A couple we know is in their mid-30’s. When they got married, they sat down and made up a plan. They knew they wanted the mother to be able to raise their children at home and so they figured out a plan that to the best of their ability and, barring unforeseen factors, they would carry out. After their wedding, they moved into a modest apartment. The wife worked for two years. During that time they saved every penny of her income and lived on the husband’s. At the end of that period, they had a good amount for a down payment on a modest, three-bedroom home for their future family. The down payment gave them a manageable house payment each month that the husband was able to easily make out of his income alone. The Lord blessed them with several babies in quick succession and the wife has had the pleasure of staying home to raise her little ones. A little planning went a long way. Early on, they decided not to try to get a fancy home in the newer suburbs. Early on, they committed to avoid the debt trap and live as inexpensively as possible with older cars. They now reap the rich benefits of that planning. Rather than come home to a frazzled, exhausted wife and mother who is seeing her babies for the first time all day, he comes home to well-prepared meals and a wife who knows her home life is under control. Regardless of what lies feminists tell, a home life under control is a very important factor in the overall happiness of a wife and mother, whether or not she works outside the home. That is just a plain fact.

Many of us never thought about planning ahead. Life just sort of happened and we played it by ear. Times have changed today, and those who want to have a rich family life need to plan for it and ask God's help in achieving it.
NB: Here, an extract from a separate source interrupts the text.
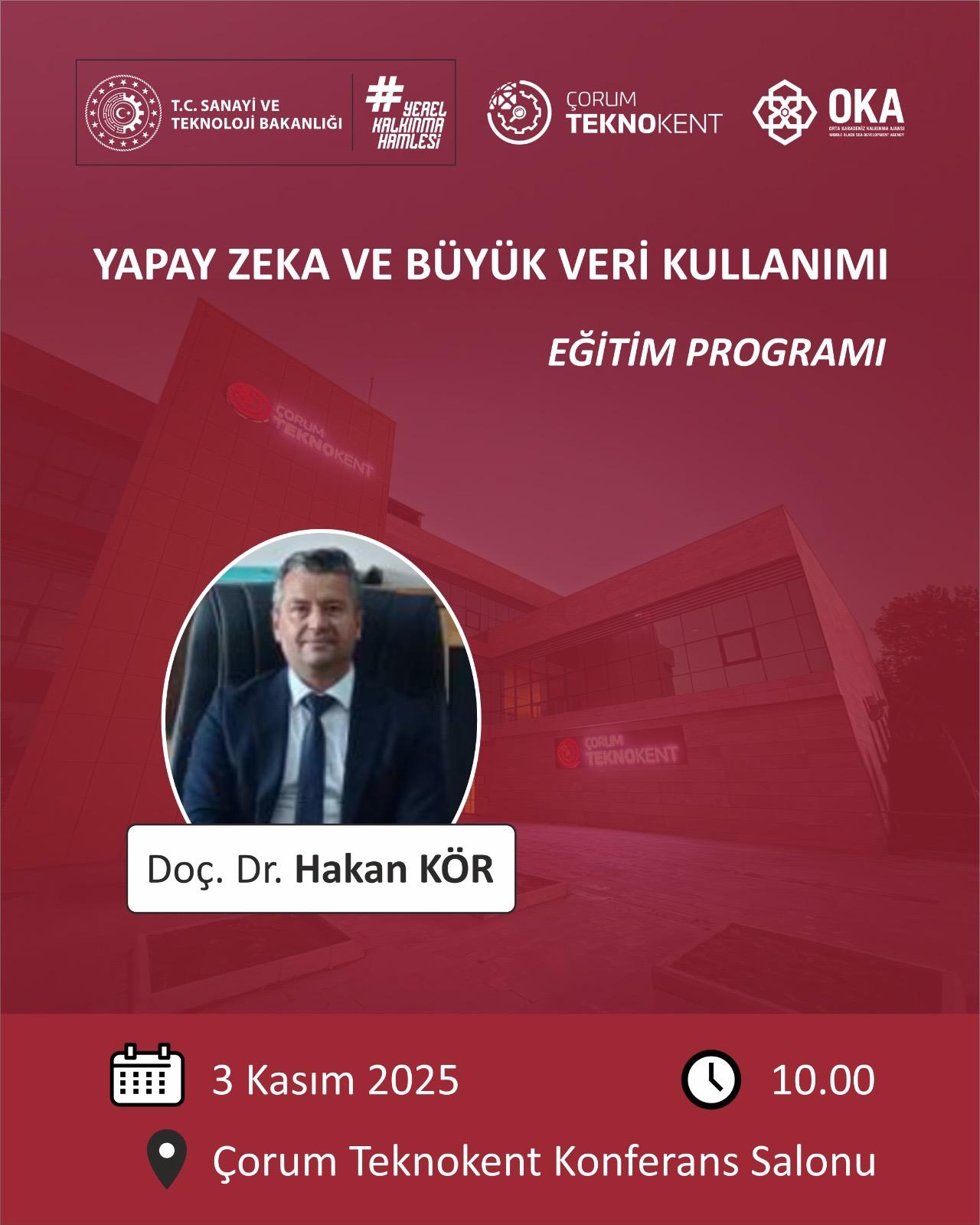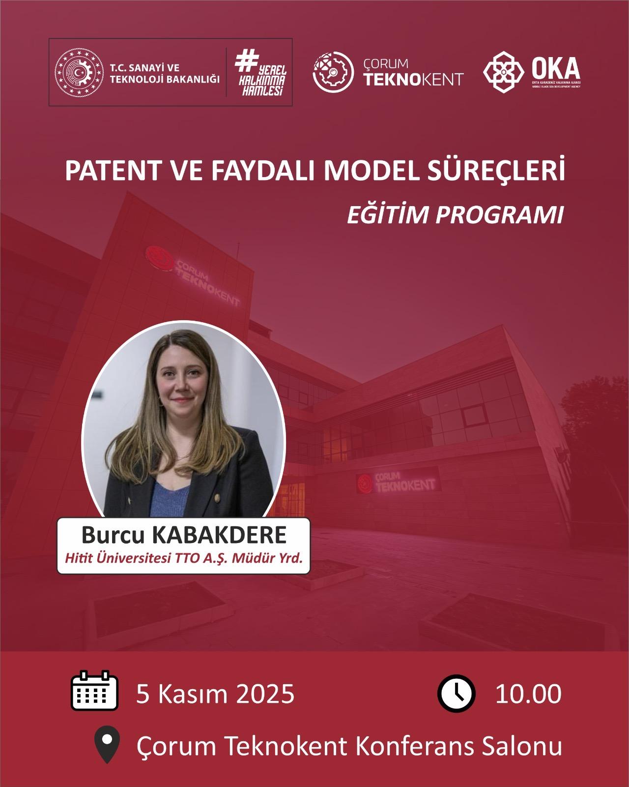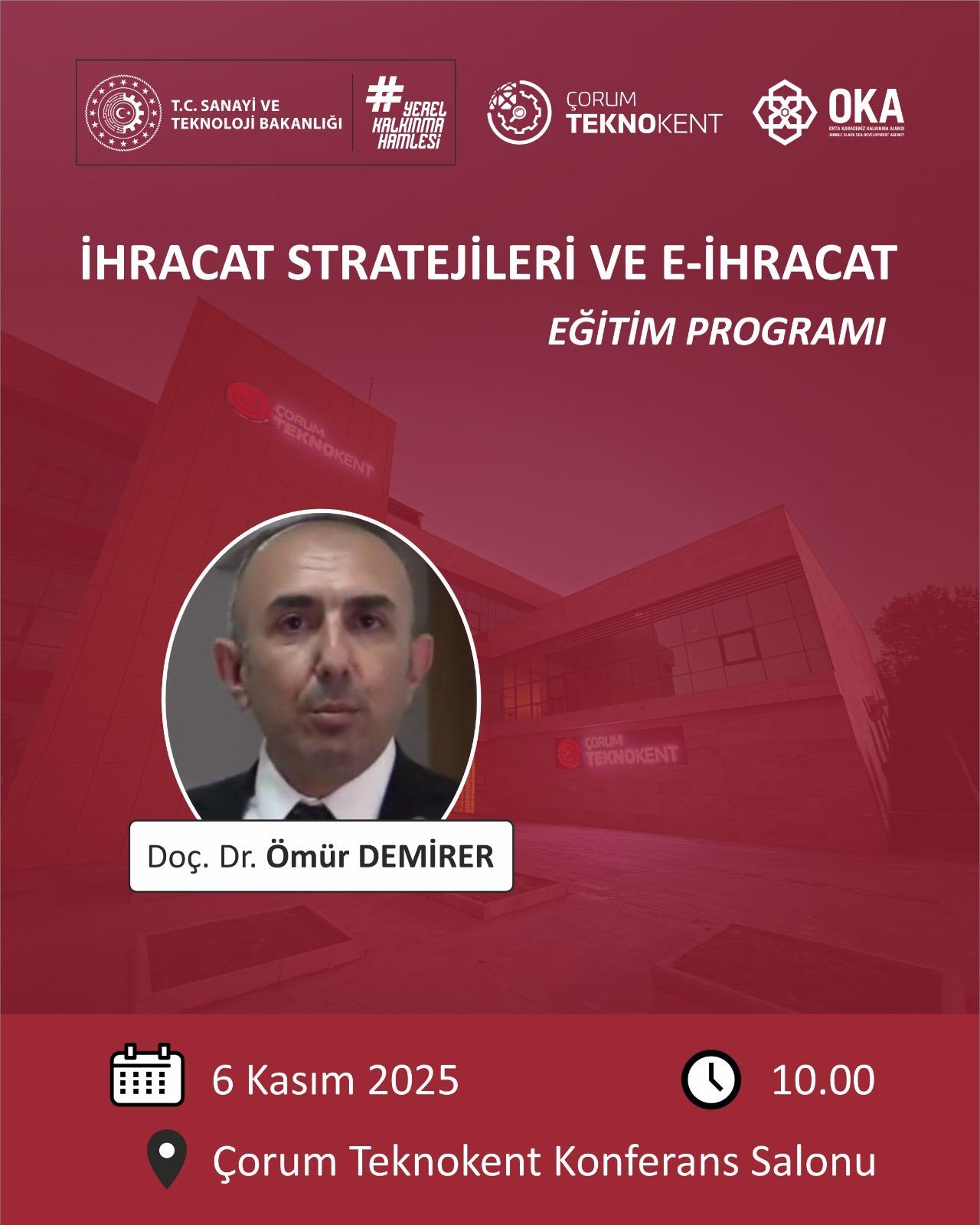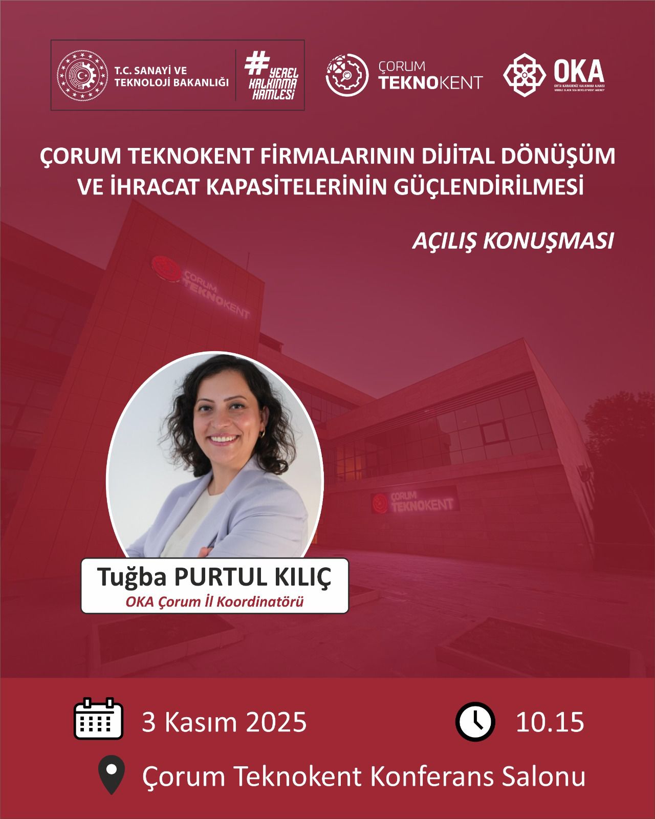 📢 Orta Karadeniz Kalkınma Ajansı (OKA) tarafından desteklenen “Çorum Teknokent Firmalarının Dijital Dönüşüm ve İhracat Kapasitelerinin Güçlendirilmesi” projesi başlıyor. 2025 Yılı İhracatta İkiz Dönüşüm Teknik Destek Programı kapsamında düzenlenen eğitim serisi 3 Kasım Pazartesi günü başlıyor! 🚀 Açılış Konuşmaları: Prof. Dr. Ali Osman ÖZTÜRK Hitit Üniversitesi Rektörü | Çorum Teknokent Yönetim Kurulu Başkanı Tuğba PURTUL KILIÇ OKA Çorum İl Koordinatörü 📅 Eğitim Programı: 📍 Yer: Çorum Teknokent Konferans Salonu 🎓 Eğitimlere Düzenli Katılanlara Sertifika Verilecektir. 3 Kasım 2025 – Doç. Dr. Hakan KÖR Konu: Yapay Zeka ve Büyük Veri Kullanımı Saat: 10.30 4 Kasım 2025 –Yasemin TOSUN Konu: Dijital Pazarlama Saat: 10.00 5 Kasım 2025 –Burcu KABAKDERE (Hitit Üniversitesi TTO A.Ş. Müdür Yrd.) Konu: Patent ve Faydalı Model Süreçleri Saat: 10.00 6 Kasım 2025 – Doç. Dr. Ömür DEMİRER Konu: İhracat Stratejileri ve E-İhracat Saat: 10.00 Dijital dönüşümden e-ihracatauzanan bu dört günlük eğitim serisine tüm firmalarımız davetlidir.

I tell my young adult sons frequently that in today’s economy, with the cost of living, education, medical care, etc. that they need to get the training and education to be able to provide for their wives and families. They need to prayerfully plan. If they do not do this, they will fall into the trap of so many couples today that are living uneasily above their means, with the family paying the price for it. Stressed out, unhealthy and emotionally drained parents, kids scheduled out of their minds to keep up with the neighbors’ kids, (one boy in our neighborhood takes karate, soccer, cub scouts, swimming, little league, piano lessons and golf lessons in one week!) and all in all, the evaporation of family life and meaningful personal time.

From a Christian standpoint, the loss is not just personal peace, balance and quality family life; children today are not being properly taught and discipled in today’s high stress, hurried climate. Try to have quality family worship time with children when you’re so burned out as parents that the only thing you can think about is bed when you stagger in the door. Discipleship is work, but who will do the work when parents are emotionally unavailable? This is why having a family vision early in young adulthood is so critical. If we aim at nothing we will hit it every time. There is much more material and teaching about these issues today than there once was, and I think it’s a very good thing. The antidote to a life of chaos and stress is to have humble expectations at the start, the wisdom to reject the world’s values, and a commitment to letting the Lord build a godly home based on a sound plan for marriage and family. The choices we make as parents have a direct impact on the spiritual lives of our children. It really is that serious.